___ Provided records

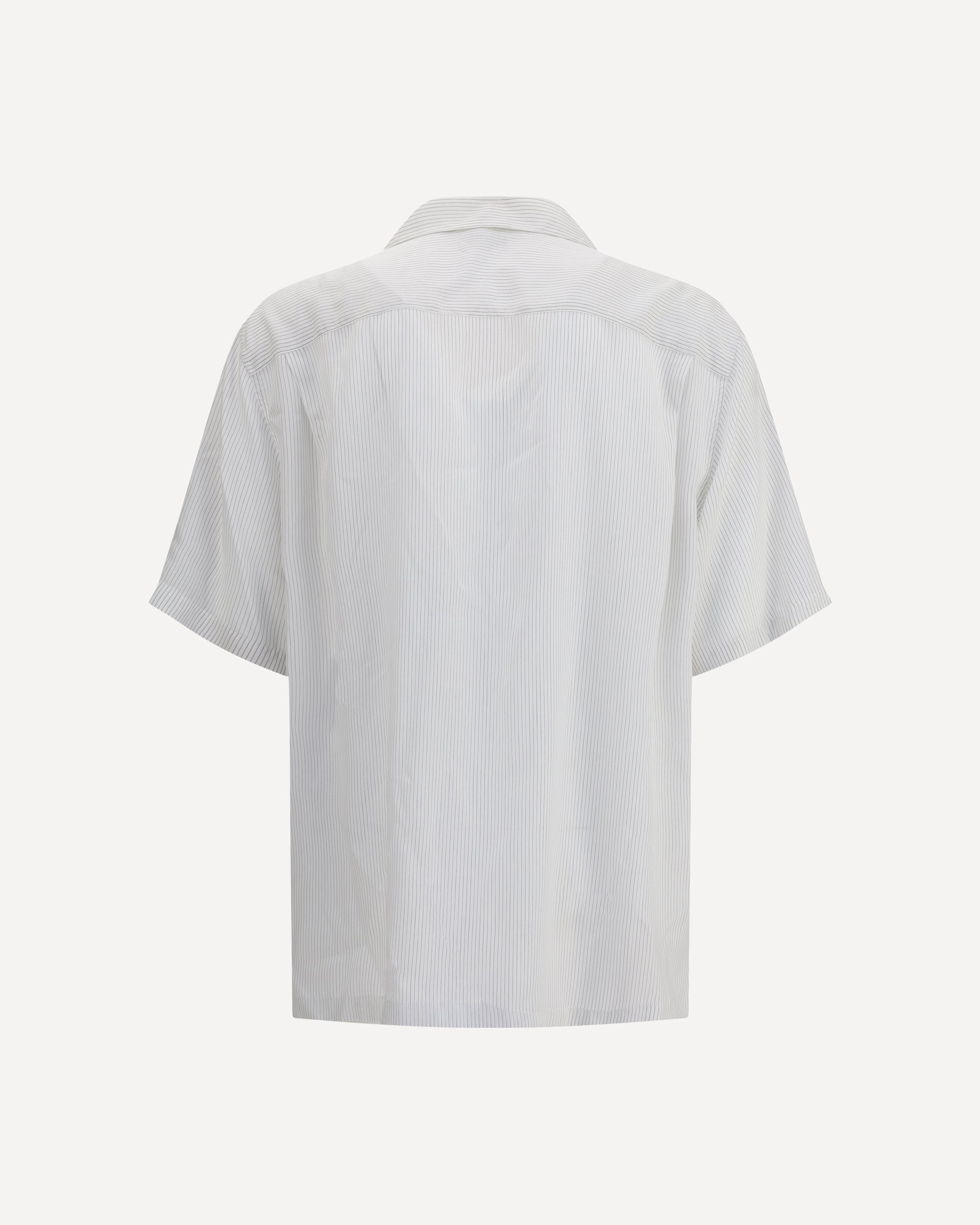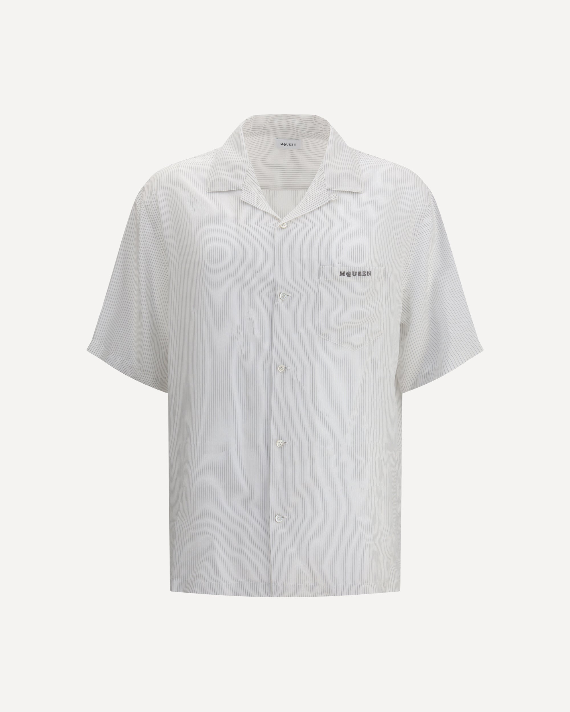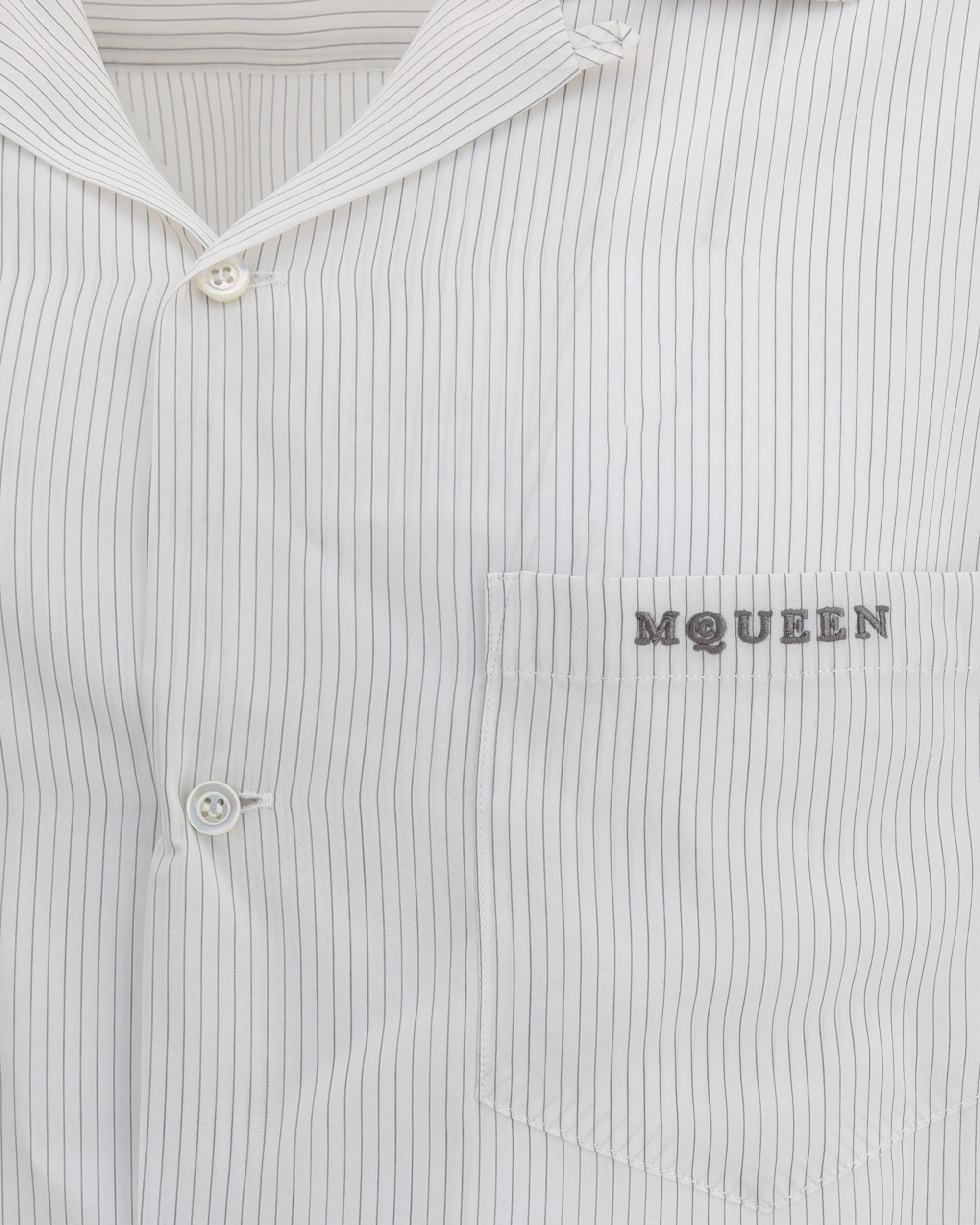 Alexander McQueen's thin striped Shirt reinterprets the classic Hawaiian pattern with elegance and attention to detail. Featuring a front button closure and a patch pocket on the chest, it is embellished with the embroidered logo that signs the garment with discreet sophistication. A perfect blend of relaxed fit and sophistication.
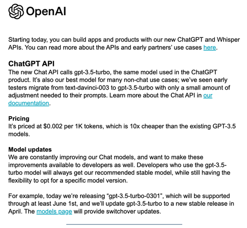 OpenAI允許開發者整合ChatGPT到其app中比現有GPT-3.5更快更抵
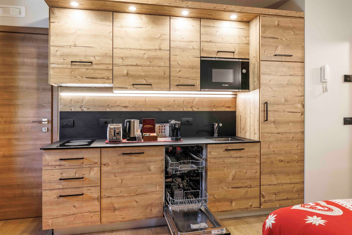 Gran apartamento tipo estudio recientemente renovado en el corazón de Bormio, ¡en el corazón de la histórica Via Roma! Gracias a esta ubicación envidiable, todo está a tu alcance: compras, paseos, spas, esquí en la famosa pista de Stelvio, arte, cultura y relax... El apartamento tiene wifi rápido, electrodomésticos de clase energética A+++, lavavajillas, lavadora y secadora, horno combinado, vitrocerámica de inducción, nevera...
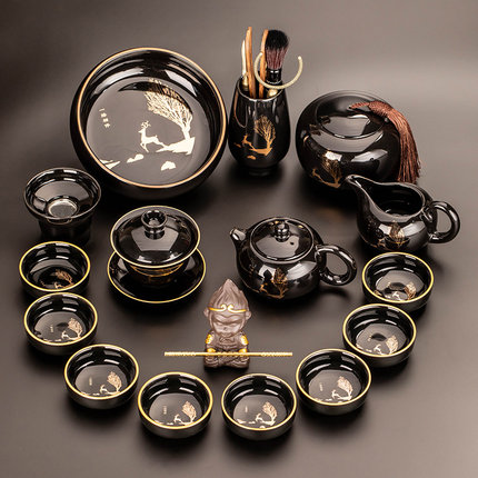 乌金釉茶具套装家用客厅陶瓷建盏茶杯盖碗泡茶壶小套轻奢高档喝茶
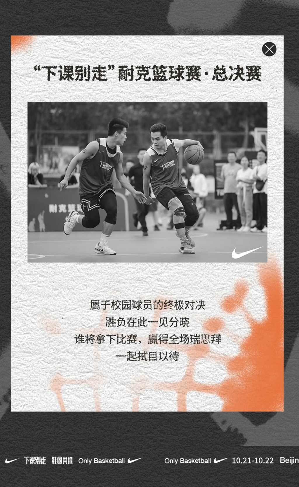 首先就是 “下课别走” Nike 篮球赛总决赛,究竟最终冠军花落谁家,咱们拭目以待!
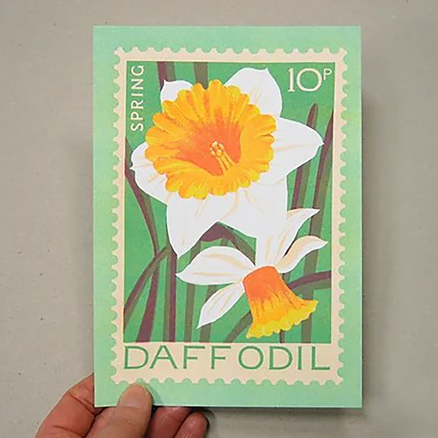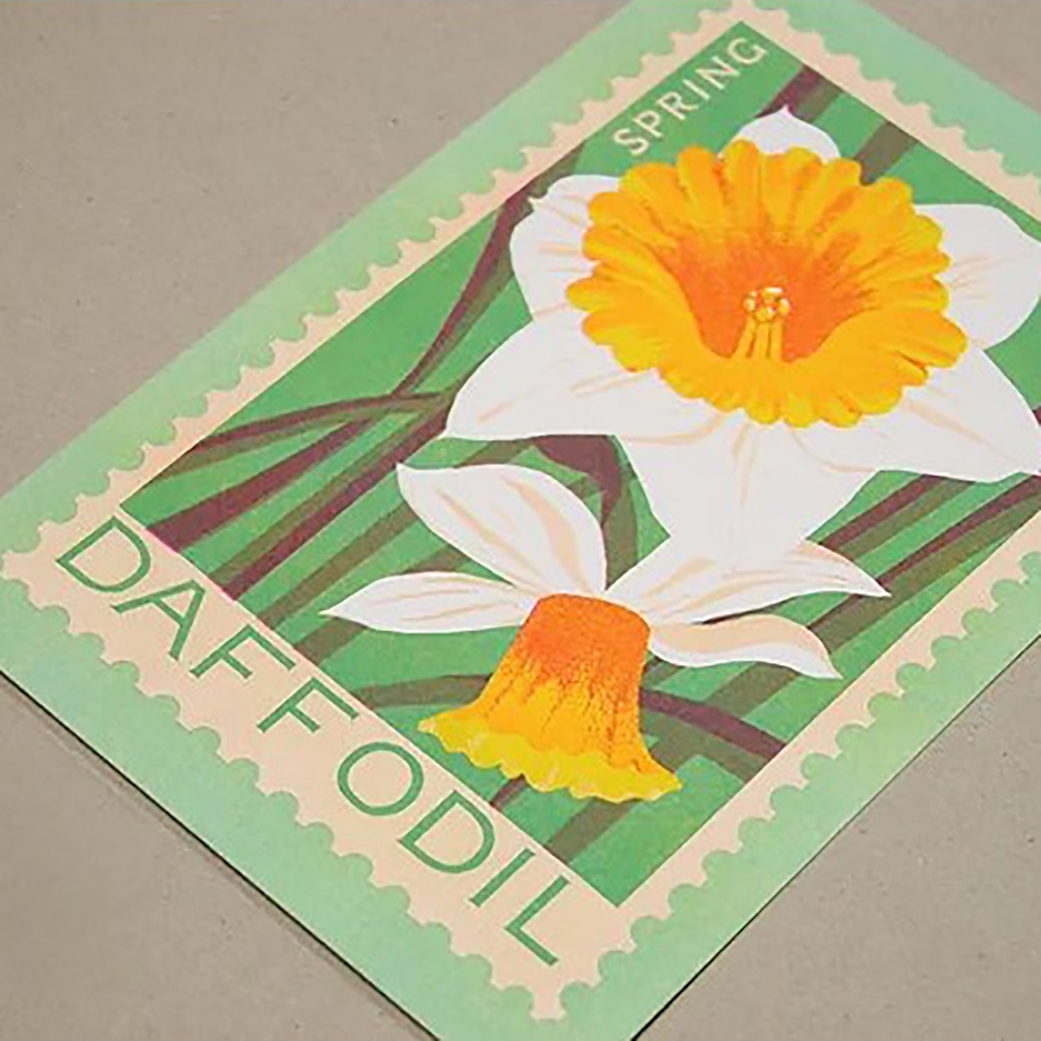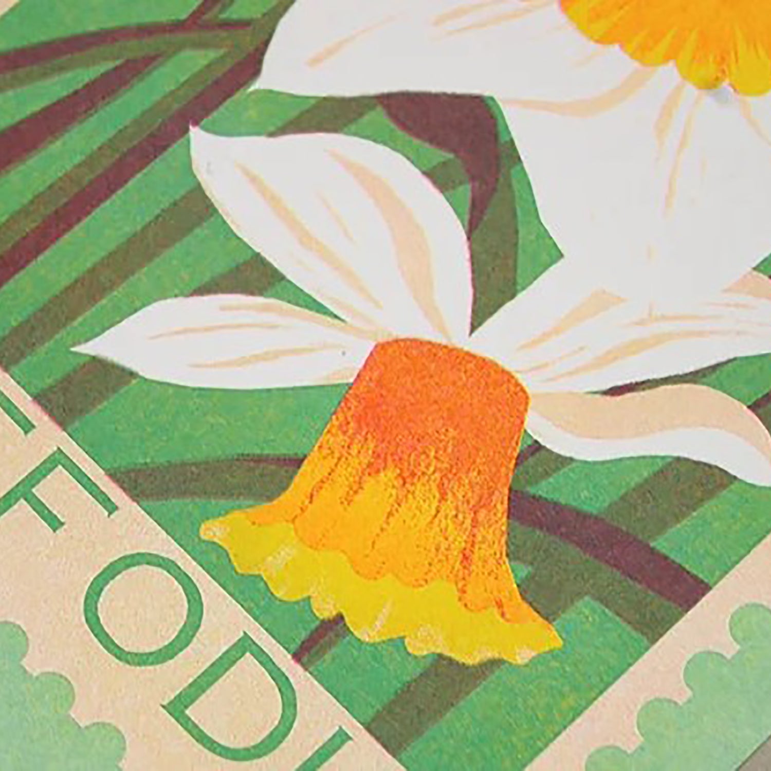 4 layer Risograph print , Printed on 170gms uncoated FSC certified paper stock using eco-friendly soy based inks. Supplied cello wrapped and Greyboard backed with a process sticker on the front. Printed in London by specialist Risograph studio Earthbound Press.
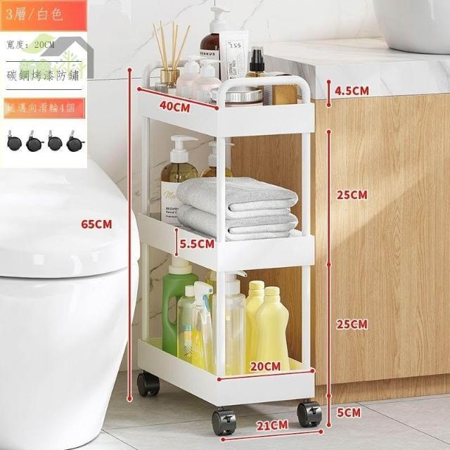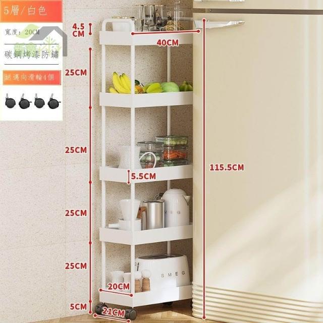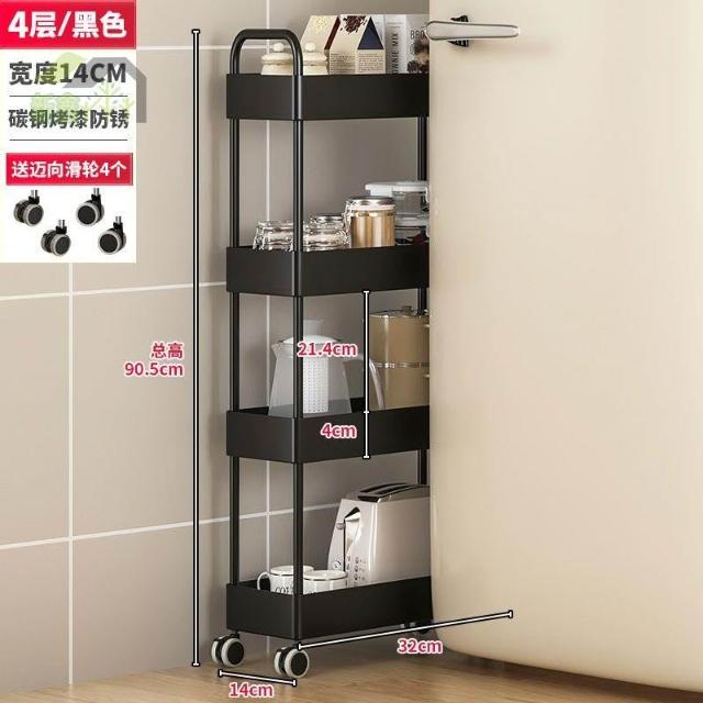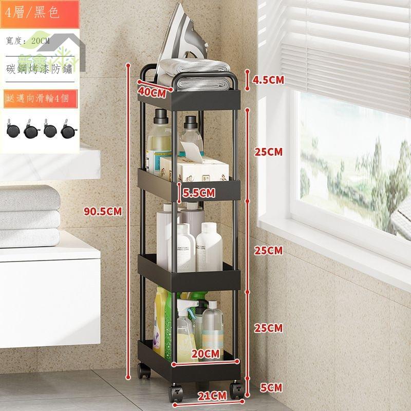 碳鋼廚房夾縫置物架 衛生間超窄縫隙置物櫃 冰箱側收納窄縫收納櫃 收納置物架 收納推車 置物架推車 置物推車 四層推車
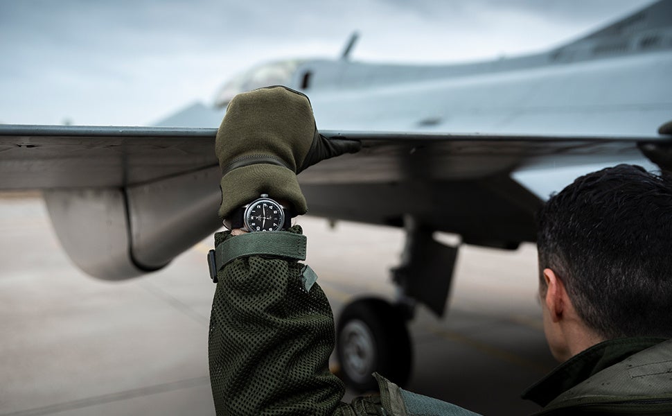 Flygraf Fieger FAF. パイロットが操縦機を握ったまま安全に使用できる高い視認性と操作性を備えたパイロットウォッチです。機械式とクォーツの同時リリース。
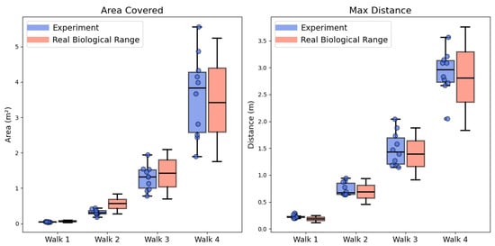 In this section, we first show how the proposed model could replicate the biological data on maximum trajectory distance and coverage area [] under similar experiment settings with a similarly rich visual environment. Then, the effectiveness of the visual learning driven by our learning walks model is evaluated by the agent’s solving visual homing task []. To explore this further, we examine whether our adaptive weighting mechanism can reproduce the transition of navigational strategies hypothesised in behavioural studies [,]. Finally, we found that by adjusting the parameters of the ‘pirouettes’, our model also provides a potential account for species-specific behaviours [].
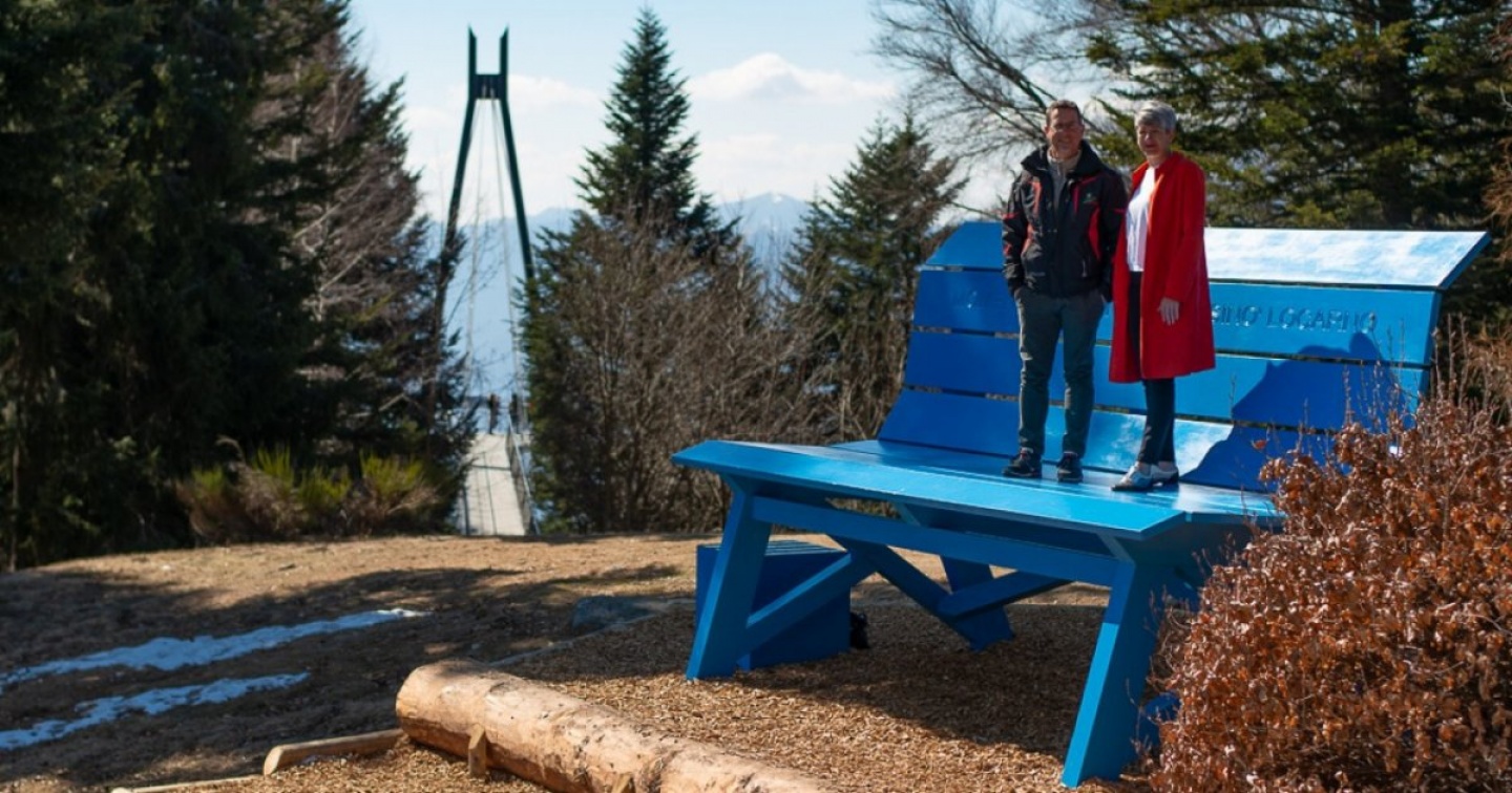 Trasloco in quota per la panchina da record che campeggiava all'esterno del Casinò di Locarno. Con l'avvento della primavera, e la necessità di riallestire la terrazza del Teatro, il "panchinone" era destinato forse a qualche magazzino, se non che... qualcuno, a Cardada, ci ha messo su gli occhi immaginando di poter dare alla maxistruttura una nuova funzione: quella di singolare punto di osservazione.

______

• [Problem] With the pictures omitted, copy exactly the lines of the listing above starting at the line containing "碳鋼廚房夾縫置物架 衛生間超窄縫隙置物櫃 冰箱側收納窄縫收納櫃" and ending at the line containing "Flygraf Fieger FAF.", both included.

• [Exercise result]
 碳鋼廚房夾縫置物架 衛生間超窄縫隙置物櫃 冰箱側收納窄縫收納櫃 收納置物架 收納推車 置物架推車 置物推車 四層推車
 Flygraf Fieger FAF. パイロットが操縦機を握ったまま安全に使用できる高い視認性と操作性を備えたパイロットウォッチです。機械式とクォーツの同時リリース。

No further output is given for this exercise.